Generally speaking, the solar industry is characterized by high-quality contractors who are passionate about delivering value to their customers and building solar power’s reputation in their communities and across the country. Even so, solar consumers should be just as prudent with solar contractors as they are with any other home-improvement or construction contractor, and the same state and federal consumer-protection laws apply. For example, solar contractors are subject to the Federal Trade Commission, the Consumer Financial Protection Bureau, and Florida’s Deceptive & Unfair Trade Practices Act, as well as the complaint-resolution functions of the Better Business Bureau and the Solar Energy Industries Association.

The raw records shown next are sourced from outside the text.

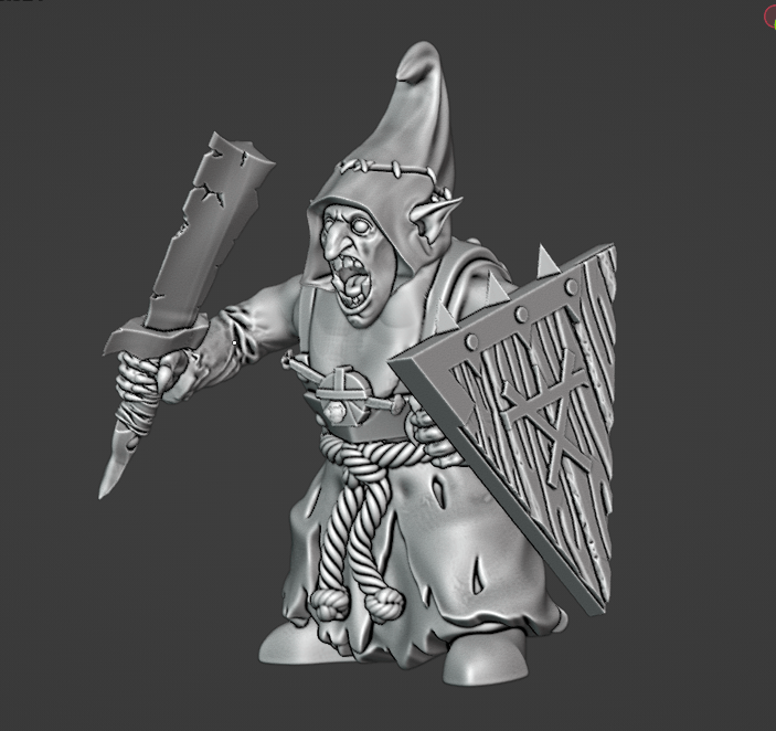 Naffcutta is a terrible fighter, and is more likely to cut himself or another gobbo than the enemy with his wild swings.
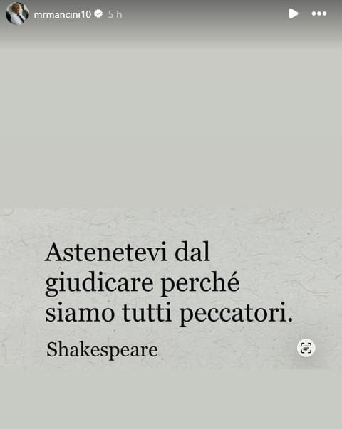 Mancini criptico sui social: "Astenetevi dal giudicare perché siamo tutti peccatori"
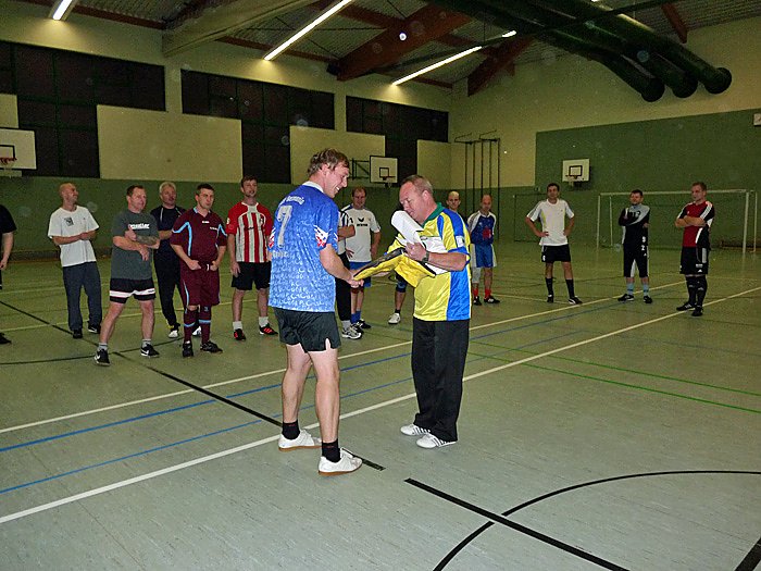 Zur besseren Motivation gab es für ein Geburtstagskind noch eine Aufmerksamkeit von der Firma. Der Coach hat seine Spieler auch schon mal in Mannschaften zusammengefasst. Wer die erste Mannschaft und wer die zweite Mannschaft ist, wird hier noch nicht verraten. Denn nach dem Training könnte sich das vielleicht noch ändern.
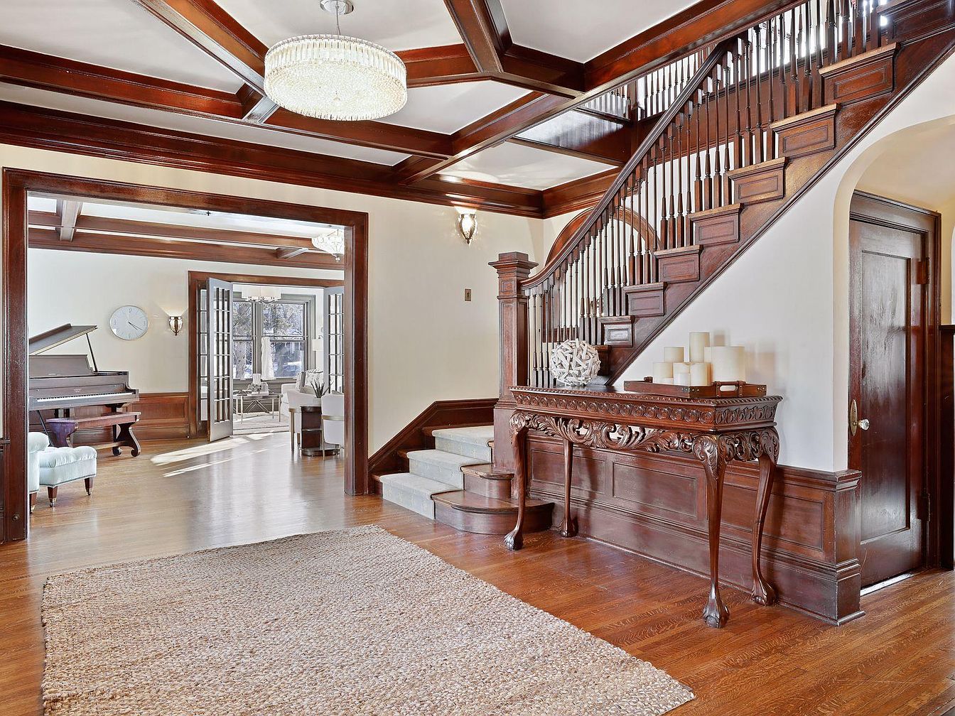 A welcoming grand foyer featuring stunning wooden architectural details, including an ornate staircase and paneling. The bright, spacious layout highlights a coffered ceiling and gleaming hardwood floors that flow into adjacent rooms. Decorative lighting casts a warm glow, while a hand-carved console table and tray of pillar candles add elegance. The large natural fiber rug provides comfort and safety for families, inviting children to sit or play. This entryway sets a classic yet cozy tone, seamlessly connecting to a music room with a grand piano and bright sitting area, all bathed in abundant natural light from wide windows.
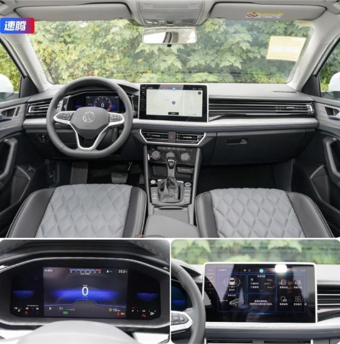 車內(nèi)也是比較中規(guī)中矩的傳統(tǒng)設(shè)計,雖然也有全液晶儀表盤和大尺寸的中控屏,但是較凌渡L的雙聯(lián)屏感覺還是欠缺了一點科技感。而關(guān)于我們今天的運動主題,速騰的車內(nèi)基本上沒有能和“運動”二字沾邊的元素。但速騰還是在配置方面延續(xù)了大眾車系豐富全面的特點、倒車?yán)走_(dá)/影像、全景天窗、發(fā)動機啟停、自動駐車、全液晶儀表盤、CarPlay手機互聯(lián)等全部為全系標(biāo)配。
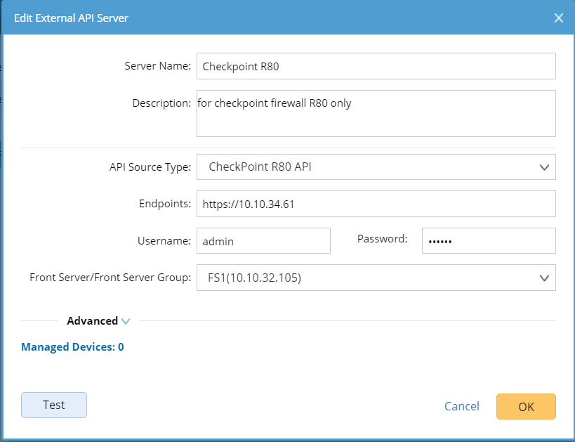 2.1 Configure API Server Manager for Checkpoint Firewall R80.
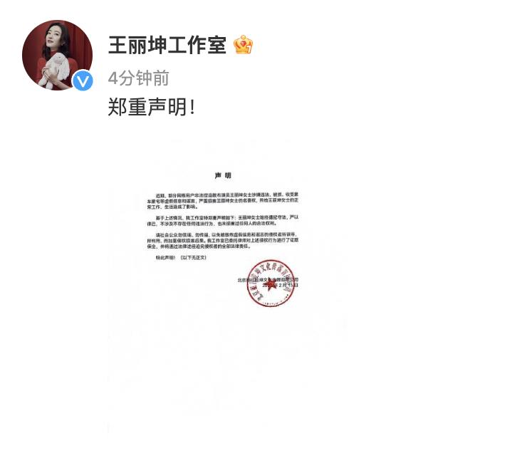 #王丽坤工作室声明# 2月15日,王丽坤工作室发布严正声明,称近期部分网络用户非法捏造散布演员王丽坤女士涉嫌违法、被抓、收受豪车豪宅等虚假信息和谣言,严重损害王丽坤女士的名誉权,并给王丽坤女士的正常工作、生活造成了影响。工作室郑重声明:“王丽坤女士始终遵纪守法,严以律己,不涉及不存在任何违法行为,也未损害过任何人的合法权利。”

Even though complaints against solar contractors are relatively rare, and even though numerous agencies and laws provide protection to consumers, an ounce of prevention is better than a pound of cure, and anyone considering putting solar panels on the roof should take some commonsense steps to ensure a pleasant solar experience:
- Hire only a licensed contractor. A good solar contractor is not only licensed by the State of Florida, but the contractor is also certified by the North American Board of Certified Energy Practitioners (“NABCEP”). Steer clear of solar contractors who do not have at least these two credentials.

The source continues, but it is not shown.